No. 5 – Phoenix Mercury
- Position: Guard
- League: WNBA

Personal information
- Born: November 26, 2003 (age 22)
- Listed height: 5 ft 7 in (1.70 m)

Career information
- High school: St. Mary's (Lancaster, New York)
- College: Penn State (2022–2024); Indiana (2024–2026);
- WNBA draft: 2026: undrafted
- Playing career: 2026–present

Career history
- 2026–present: Phoenix Mercury

Career highlights
- First-team All-Big Ten (2026); Big Ten Medal of Honor (2026);
- Stats at WNBA.com
- Stats at Basketball Reference

= Shay Ciezki =

American basketball player (born 2003)

Shay Ciezki (/'tʃɛski/, born November 26, 2003) is an American professional basketball player for the Phoenix Mercury of the Women's National Basketball Association (WNBA). She played college basketball for the Penn State Lady Lions and Indiana Hoosiers.

==Early life==
Ciezki was born November 26, 2003, and attended St. Mary's High School in Lancaster, New York. She was a four-time season MVP and a three-year team captain on the school's basketball team. Her 2,138 career points, 478 career assists, and 381 career steals all set St. Mary's school records. Ciezki scored 51 points in a St. Mary's victory in the 2022 state championship game.

==College career==
Ranked the No. 14 point guard prospect nationally by ESPN, Ciezki joined the Penn State Lady Lions for the 2022–23 season, playing in 30 games with 29 starts and averaging 11.8 points, 2.5 assists, 2.3 rebounds, and 1.2 steals per game. The following season, she played in all 35 games, with 30 starts; she averaged 11.5 points, 2.4 assists, and 2.1 rebounds per game, including a 40-point performance against the Central Connecticut Blue Devils, the third-most points scored in a game in Penn State program history.
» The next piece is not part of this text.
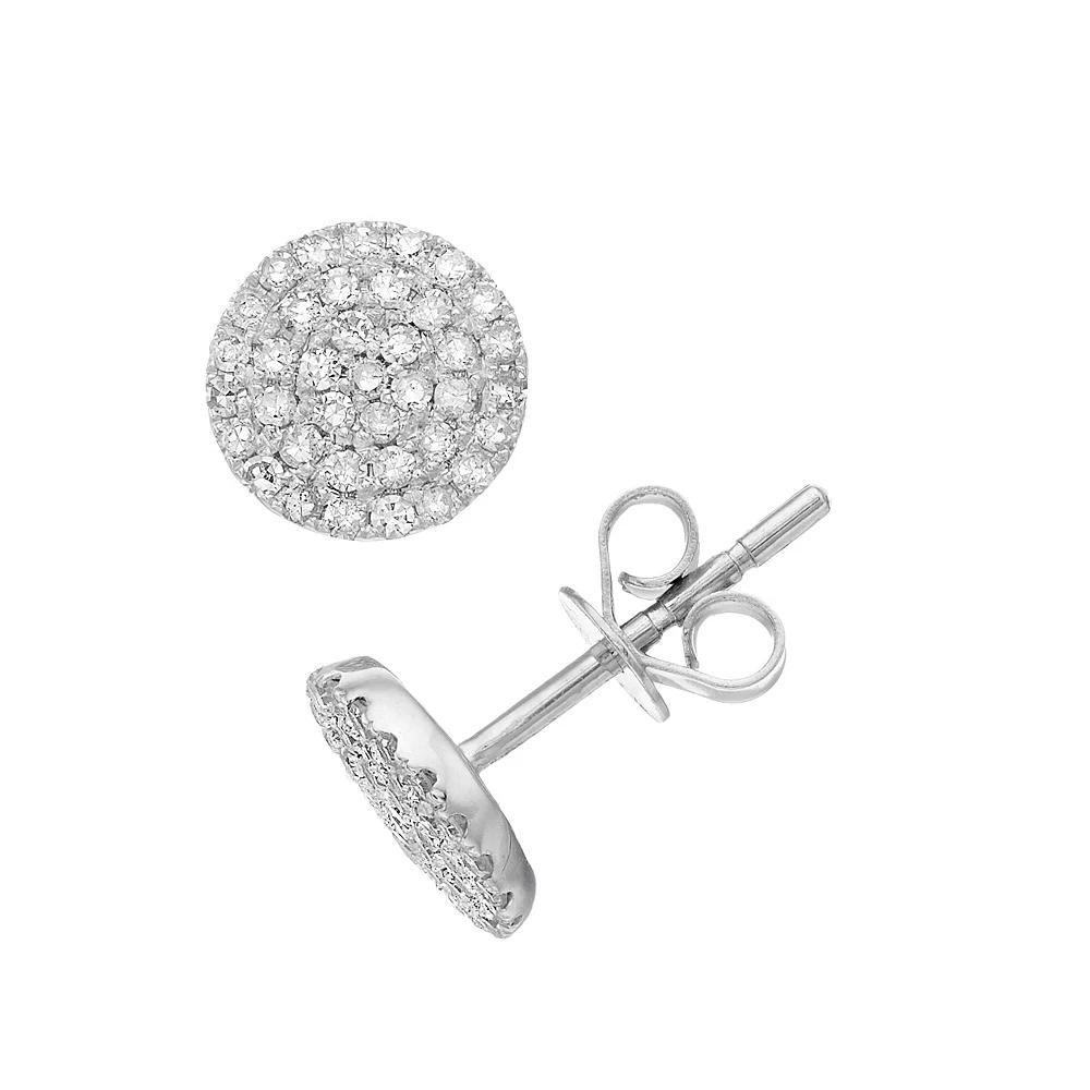 Add a touch of elegance to your jewelry collection with these Ava Blue diamond button earrings. Add a touch of elegance to your jewelry collection with these Ava Blue diamond button earrings. Nickel free Metal: 14k white gold Backings: post Packaging: boxed Plating: rhodium Finish: polished Earring diameter: 0.30 in.DIAMOND DETAILS Total weight: 1/4 ct. Clarity grade: SI-SI2 Shape: round brilliant Setting: pave Color grade: H-I Diamond weights are approximate. Diamond Total Weights may vary between .01 and .13 ct. Some diamonds consist of fewer than 17 facets. Gemstones may have been treated to enhance their appearance. Special care may be required. Please visit our Gemstone Treatment & Special Care Guide for more information. Please note, due to the high value of this item, a signature may be required upon delivery. Size: One Size. Gender: female. Age Group: adult.

Ciezki transferred to play for the Indiana Hoosiers starting with the 2024–25 season. She started in all 33 games of that season, averaging 11.8 points, 2.8 assists, and 2.1 rebounds per game. She recorded 16 points and three assists in Indiana's win against the Utah Utes in the first round of the 2025 NCAA Division I women's basketball tournament, adding 12 points in the team's second-round loss to the South Carolina Gamecocks.

Ciezki was the only Indiana starter to return to the team for the 2025–26 season. Her 22.8 points per game set a new Indiana single-season program record; she added 3.8 rebounds, 3.1 assists, and 1.5 steals per game. She recorded two double-doubles – the first in a win against the Marshall Thundering Herd, and the second in a win against the Purdue Boilermakers; the latter performance was shy of a triple-double by just two assists. Ciezki was named first-team All-Big Ten for the 2025–26 season; she also joined the "50–40–90 club", recording over 50% field goal percentage, 40% three-point field goal percentage, and 90% free throw percentage. After the season, she was invited to compete in the Celsius Women's 3-Point Championship contest; she finished second in the competition. Ciezki was named to the 2026 Big Ten Medal of Honor class for "excellence on and off the field".

==Professional career==
After going unselected in the 2026 WNBA draft, Ciezki signed with the Phoenix Mercury of the Women's National Basketball Association (WNBA) as an undrafted free agent on April 14, 2026. She was waived on May 4. On May 7, the Mercury signed her to a developmental contract. She was released by the Mercury on June 4. On June 22, Ciezki signed another developmental contract with the Mercury. She made her WNBA debut later that day against the Indiana Fever.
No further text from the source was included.